* _What you will do_
Repeat the listing exactly. Do not carry over any pictures.

* _Data_
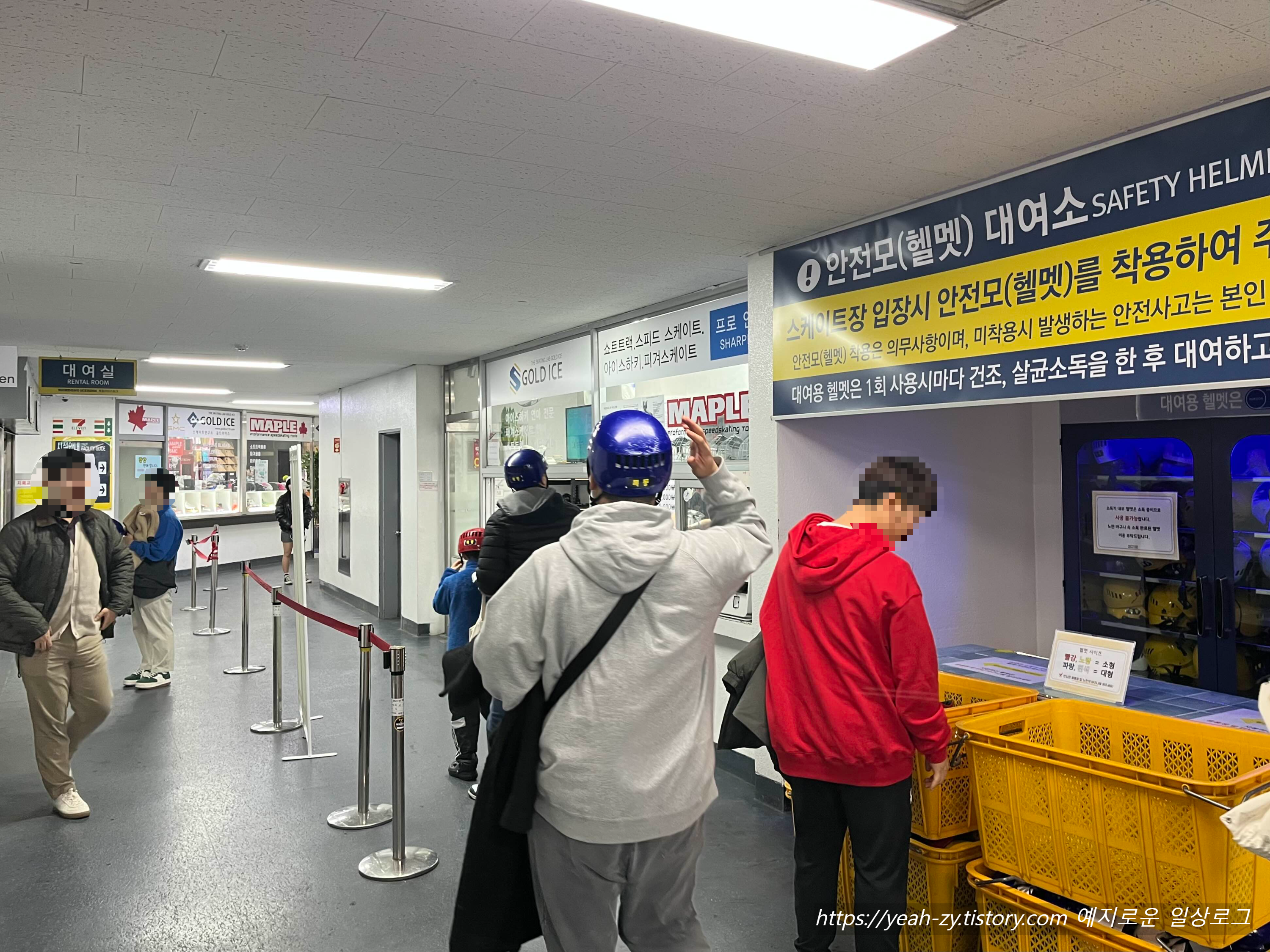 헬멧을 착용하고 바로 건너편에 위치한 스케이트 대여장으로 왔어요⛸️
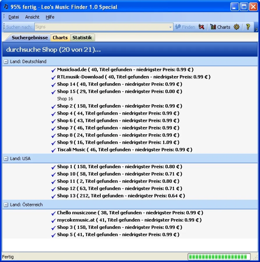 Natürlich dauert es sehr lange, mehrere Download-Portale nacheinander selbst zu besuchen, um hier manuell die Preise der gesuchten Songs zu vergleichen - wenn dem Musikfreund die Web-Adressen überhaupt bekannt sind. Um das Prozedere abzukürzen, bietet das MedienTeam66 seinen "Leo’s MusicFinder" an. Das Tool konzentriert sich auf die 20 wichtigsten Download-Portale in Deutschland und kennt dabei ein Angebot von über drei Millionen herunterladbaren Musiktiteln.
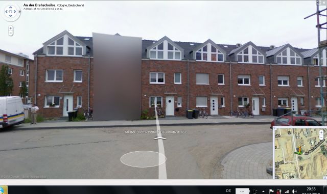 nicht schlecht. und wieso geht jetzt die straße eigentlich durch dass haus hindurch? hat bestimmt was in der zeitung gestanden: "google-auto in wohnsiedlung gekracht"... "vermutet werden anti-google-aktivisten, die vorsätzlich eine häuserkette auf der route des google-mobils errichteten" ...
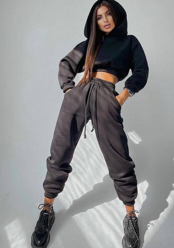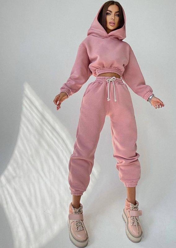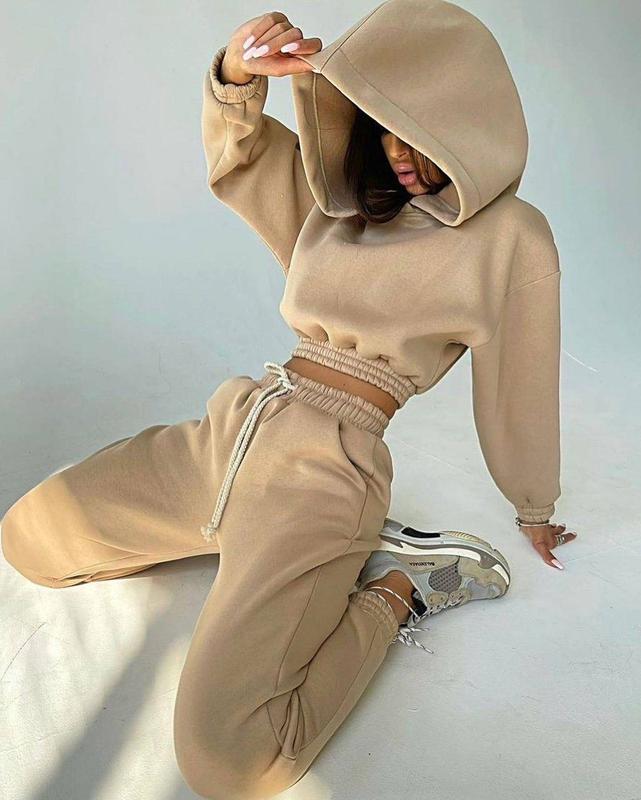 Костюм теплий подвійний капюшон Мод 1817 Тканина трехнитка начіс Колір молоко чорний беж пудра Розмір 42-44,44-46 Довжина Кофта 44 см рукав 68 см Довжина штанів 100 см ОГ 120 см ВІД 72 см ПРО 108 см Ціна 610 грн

* _Output of the task_
 헬멧을 착용하고 바로 건너편에 위치한 스케이트 대여장으로 왔어요⛸️
 Natürlich dauert es sehr lange, mehrere Download-Portale nacheinander selbst zu besuchen, um hier manuell die Preise der gesuchten Songs zu vergleichen - wenn dem Musikfreund die Web-Adressen überhaupt bekannt sind. Um das Prozedere abzukürzen, bietet das MedienTeam66 seinen "Leo’s MusicFinder" an. Das Tool konzentriert sich auf die 20 wichtigsten Download-Portale in Deutschland und kennt dabei ein Angebot von über drei Millionen herunterladbaren Musiktiteln.
 nicht schlecht. und wieso geht jetzt die straße eigentlich durch dass haus hindurch? hat bestimmt was in der zeitung gestanden: "google-auto in wohnsiedlung gekracht"... "vermutet werden anti-google-aktivisten, die vorsätzlich eine häuserkette auf der route des google-mobils errichteten" ...
 Костюм теплий подвійний капюшон Мод 1817 Тканина трехнитка начіс Колір молоко чорний беж пудра Розмір 42-44,44-46 Довжина Кофта 44 см рукав 68 см Довжина штанів 100 см ОГ 120 см ВІД 72 см ПРО 108 см Ціна 610 грн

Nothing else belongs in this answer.